** Opening Working data block **

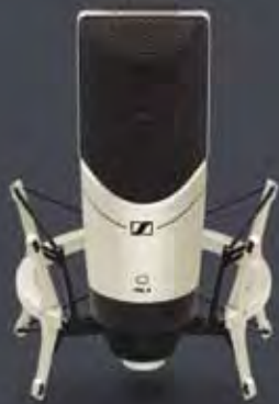
The MK 4 shown with the optional MKS 4 shockmount

Designed and manufactured in Germany, the MK 4 is a true condenser, cardioid microphone that features a one-inch 24-carat gold-plated diaphragm and a full metal housing. Its internal shock mounted capsule enables this versatile tool to be taken from your studio to the stage, and everywhere in between, to capture your music precisely how you hear it.
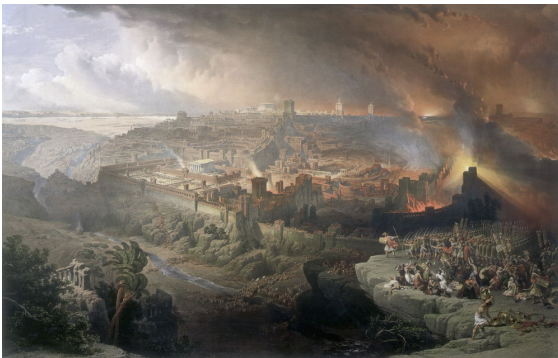
Jerusalem Destroyed 70 AD Click to enlarge
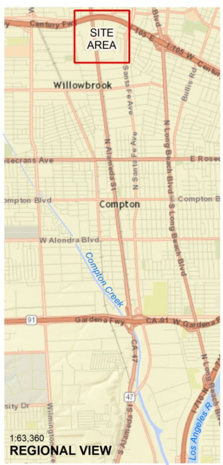
POLYNT COMPOSITES USA INC.
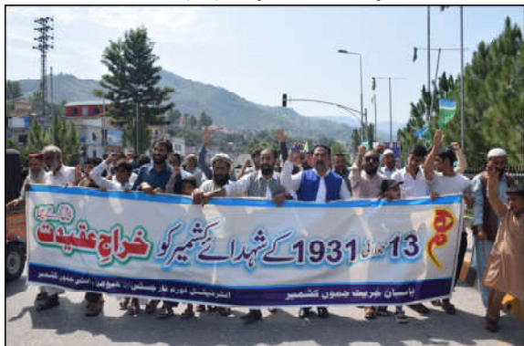
MUZAFFARABAD: Kashmiri women and men raising slogans against Indian atrocities in a protest rally from Bank Square Chhatar Chowk in memory of Kashmiri martyrs of July 13, 1931.
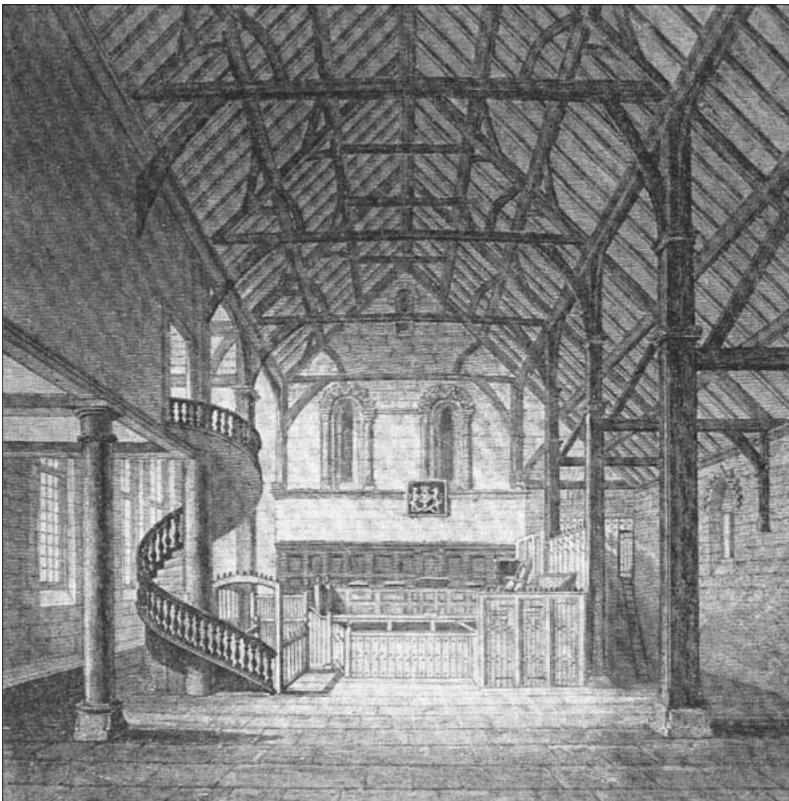
Fig. 1. The interior of the Great Hall in 1821, showing the Assize Court fittings at the south end.

This Great Hall was built in the 12 th century as part of the post-conquest castle. It was originally an aisled hall with timber aisle posts, though these posts have been removed on the east side and buried within later walls on the west side. The original clerestory was removed and the roof replaced in the 16 th century (fig. 1); between c.1502 and 1530 according to recent dendrochronology results. 1

** Closing Working data block **

Word for word, return the lines from the one holding "Fig. 1. The" through the end of the entries above.

Fig. 1. The interior of the Great Hall in 1821, showing the Assize Court fittings at the south end.

This Great Hall was built in the 12 th century as part of the post-conquest castle. It was originally an aisled hall with timber aisle posts, though these posts have been removed on the east side and buried within later walls on the west side. The original clerestory was removed and the roof replaced in the 16 th century (fig. 1); between c.1502 and 1530 according to recent dendrochronology results. 1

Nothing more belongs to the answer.